I am creating fluctuation diagrams in ggplot2 using geom_tile
, and would like to add a legend for size. I am at a loss as to how to do so. Here is a MWE:
library(dplyr)
library(ggplot2)
# create data frame of total number of passengers in each Sex-Age group
df <- data.frame(Titanic) %>% group_by(Sex, Age) %>%
summarise (freq = sum(Freq))
# calculate the lengths of the sides of the tiles so the largest has
# area = 1 and the others are smaller proportional to frequency
df$tileside <- sqrt(df$freq / max(df$freq))
df
## Source: local data frame [4 x 4]
## Groups: Sex [?]
##
## Sex Age freq tileside
## (fctr) (fctr) (dbl) (dbl)
## 1 Male Child 64 0.1959396
## 2 Male Adult 1667 1.0000000
## 3 Female Child 45 0.1643003
## 4 Female Adult 425 0.5049248
# using geom_tile, no size legend
ggplot(df, aes(x = Sex, y = Age,
height = tileside, width = tileside)) +
geom_tile() + coord_fixed (ratio = 1)
I should mention that one alternative would be to use geom_point instead of geom_tile (see this post: https://stats.stackexchange.com/questions/56322/graph-for-relationship-between-two-ordinal-variables/56357#56357)
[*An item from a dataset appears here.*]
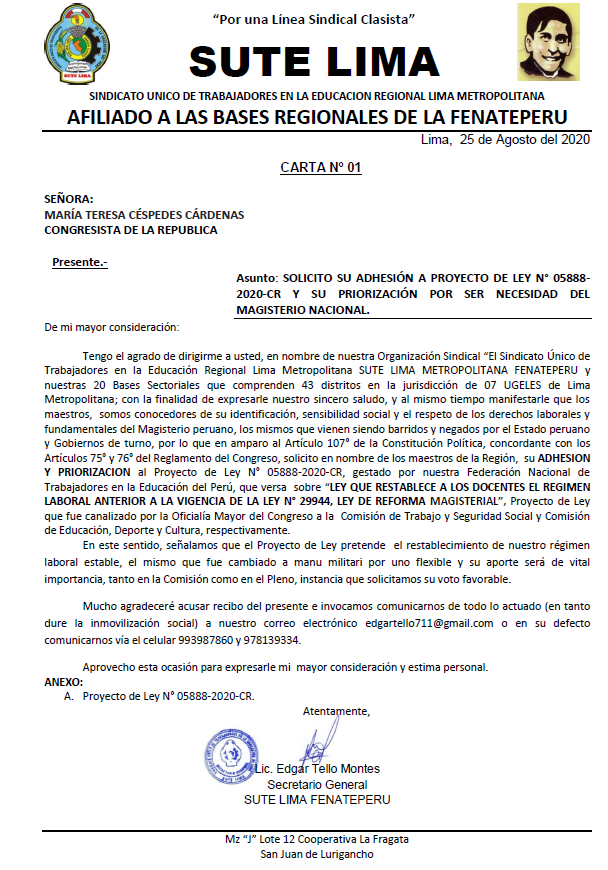 los diferentes sectores de Lima Metropolitana y la Junta directiva del SUTE

Here is a MWE of this approach:
ggplot(df, aes(x = Sex, y = Age, size = freq)) +
geom_point(shape = 15) + coord_fixed (ratio = 1)
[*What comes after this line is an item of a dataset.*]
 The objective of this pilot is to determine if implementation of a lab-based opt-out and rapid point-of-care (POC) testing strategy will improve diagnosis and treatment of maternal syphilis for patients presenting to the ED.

The problem is that the squares are too small, and if I rescale them, with scale_size(), I lose the most important feature of the fluctation diagram–that the area of the squares is proportional to frequency. (I’m not sure if this condition is met even without rescaling – it’s hard to tell how the area is calculated).
Many thanks for your help.